Variation in macronutrient composition and total kilocalories in dietary challenges
Carbohydrates, protein, and fat trigger different metabolic responses, emphasizing the importance of reporting the composition of the challenge. The ratio of caloric intake from each macronutrient to total caloric intake is shown (Figure 1A, Table 1). Large differences were observed in macronutrient ratios, reporting ranges of ratios for carbohydrates (0.08 to 0.94), fat (0.01 to 0.88), and protein (0.04 to 0.23). Total grams of macronutrients within the challenge are reported (Figure 1B, Table 1). Combined, Figure 1A and B shows the variation in the composition of macronutrients in each nutrient challenge, each challenge resulting in a varied response of the metabolome. Seventeen of the reviewed studies (65%) provided further details on the nutrient composition within the dietary challenge (5, 20, 24–32, 34–38, 41), such as type of FFA and micronutrient composition.
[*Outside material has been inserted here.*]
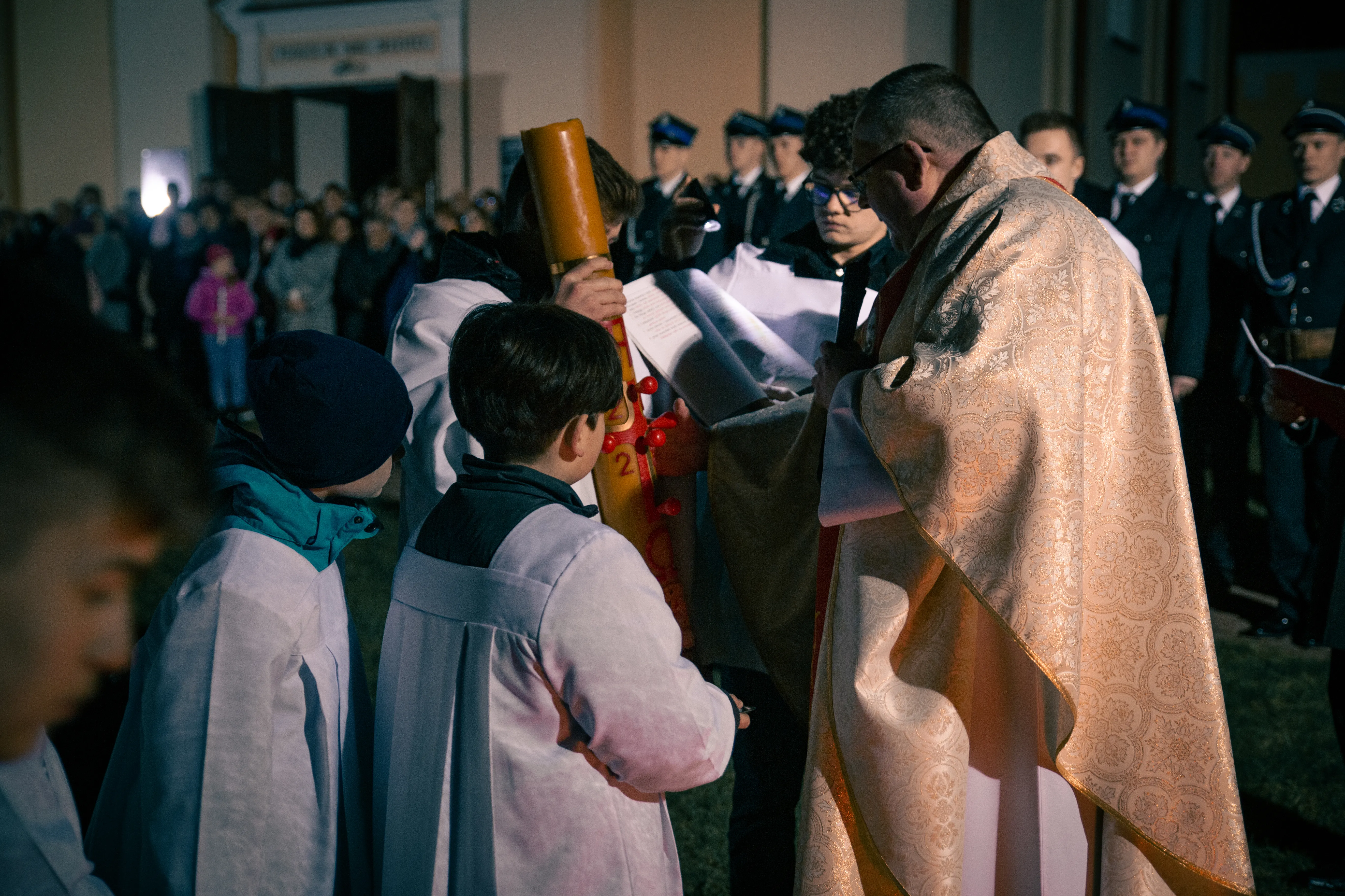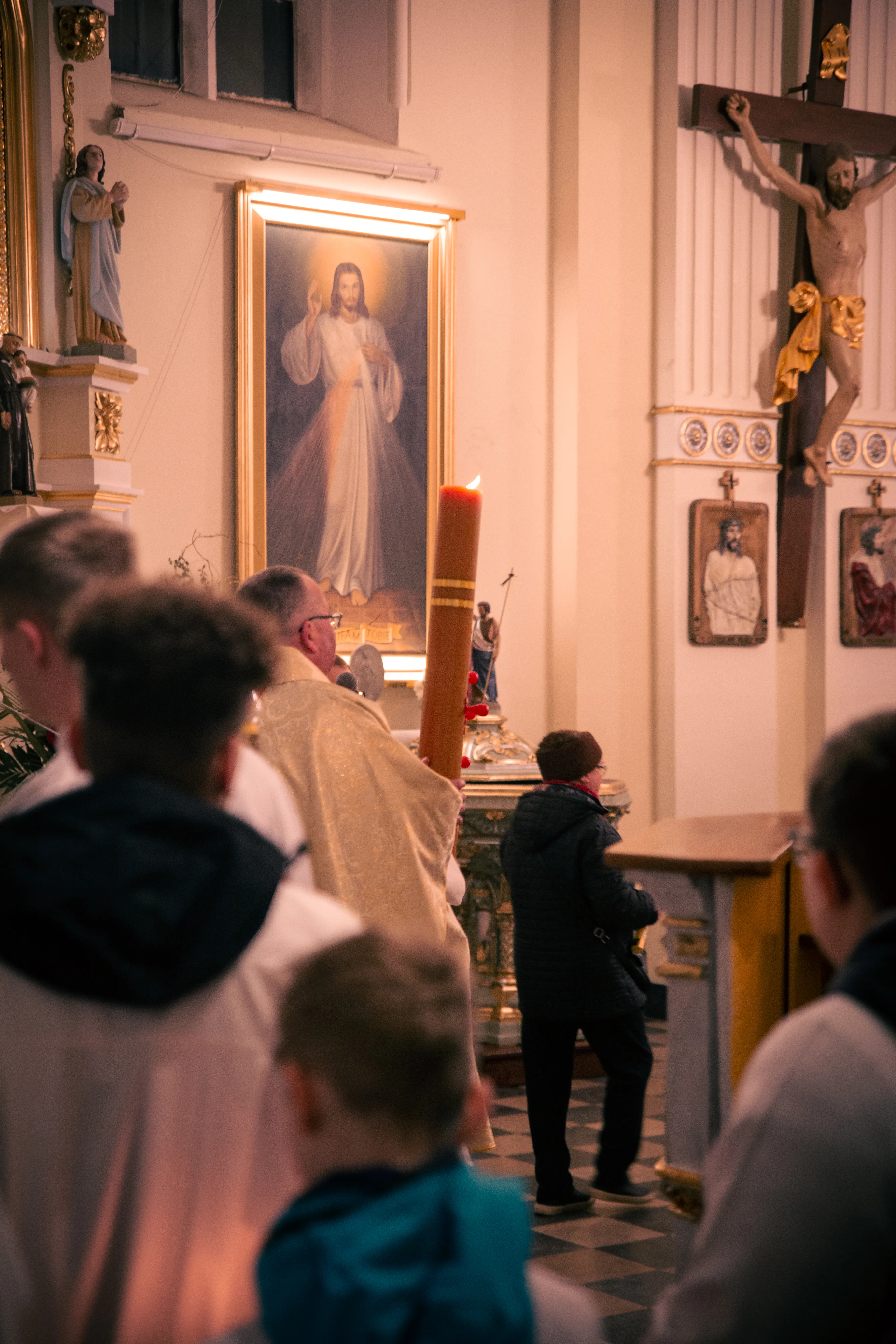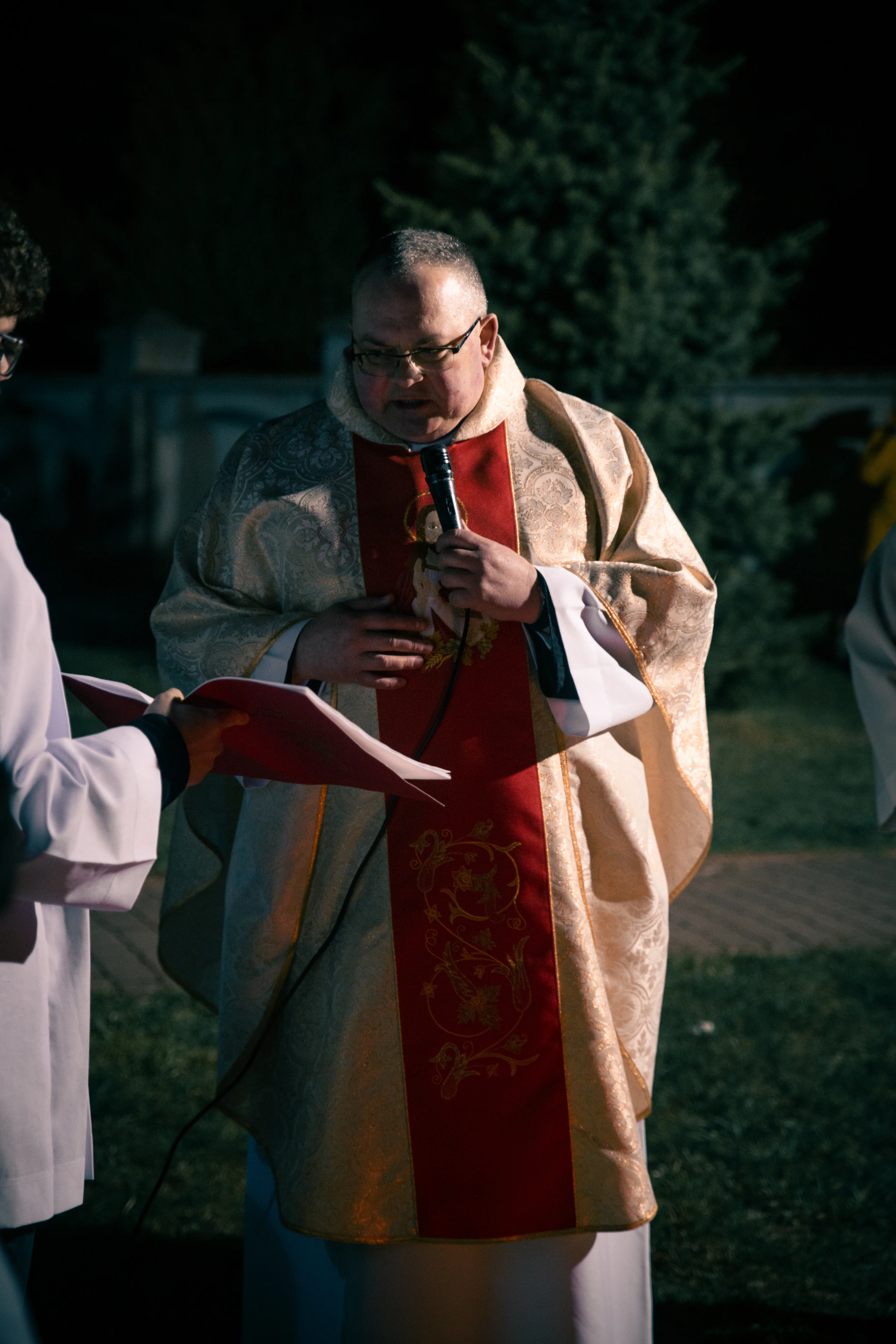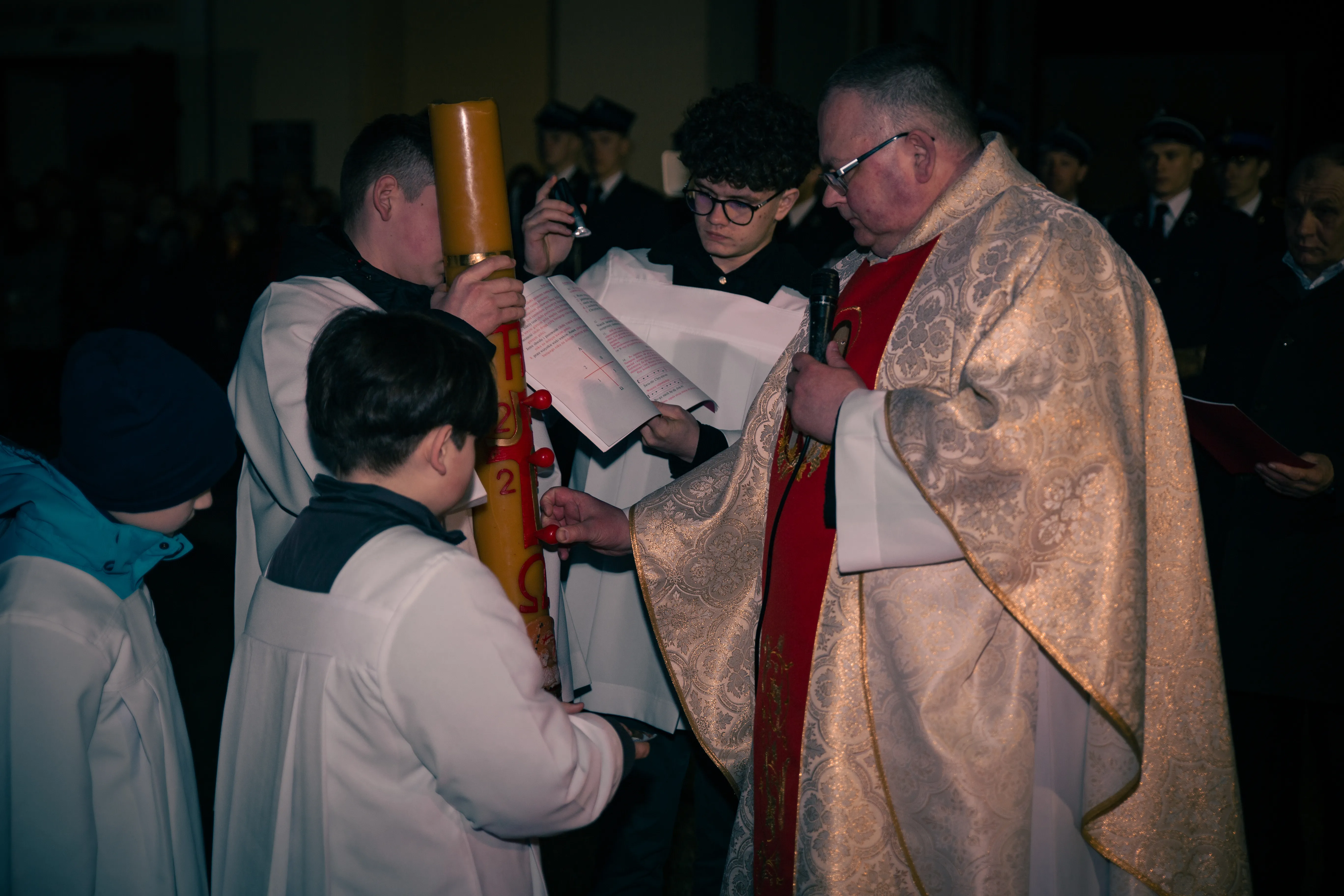 Po zapadnięciu zmroku odprawiana jest msza Wigilii Paschalnej, na która składa się: Liturgia Światła, Liturgia Słowa Bożego, Liturgia Chrzcielna, Liturgia Eucharystyczna.

To precisely measure a meal's nutrient composition, Badoud et al. (31) assessed the amino acid and fatty acid composition of the study's high calorie meal using MS and GC.
FIGURE 1.
Macronutrient content within mixed-macronutrient challenges. (A) Ratio of kilocalories from each macronutrient to total kilocalories within the challenge. (B) Total grams of macronutrients within dietary challenges. Multiple dietary challenges within a study are reported separately. Study IDs correspond to the percentage of kilocalories from carbohydrates (Table 1).
The number of kilocalories within the mixed-macronutrient challenges varied between studies. Six studies (23%) determined the size of the challenge via a percentage of each participant's daily caloric intake, ranging from 15 to 40% (5, 21, 30, 37, 38, 43) (Figure 2A, Table 1). Sixteen studies (62%) determined the size of the challenge using a fixed number of kilocalories for all participants (20, 22–27, 31, 33–36, 39–41, 44). Total kilocalories in these studies ranged from 250 to 1330 kcal (Figure 2B, Table 1). The remaining 4 studies used specific formulas or ranges for determining the challenge's caloric intake. Schmedes et al. (32) altered the number of kilocalories provided to males and females, 717 kcal and 538 kcal, respectively. Both studies by Rådjursöga et al. (28, 29) allowed participants to decide between consuming a “small” and “large” meal, 500 kcal and 750 kcal, respectively. Uniquely, Krug et al. (5) accounted for each participant's body surface area when determining the amount of liquid challenge to provide. Variations in the total macronutrient load may be due to different study objectives for the challenge (e.g. overloading the biological system compared with providing a typical meal), nevertheless, this presents challenges in comparing results between studies.
FIGURE 2.
Caloric content within mixed-macronutrient challenges. Size (kilocalories) of challenge was determined using (A) a ratio of the daily kilocalories required for subjects or (B) a predetermined size of the meal. Multiple dietary challenges within a study are reported separately. Study IDs correspond to the percentage of kilocalories from carbohydrates (Table 1).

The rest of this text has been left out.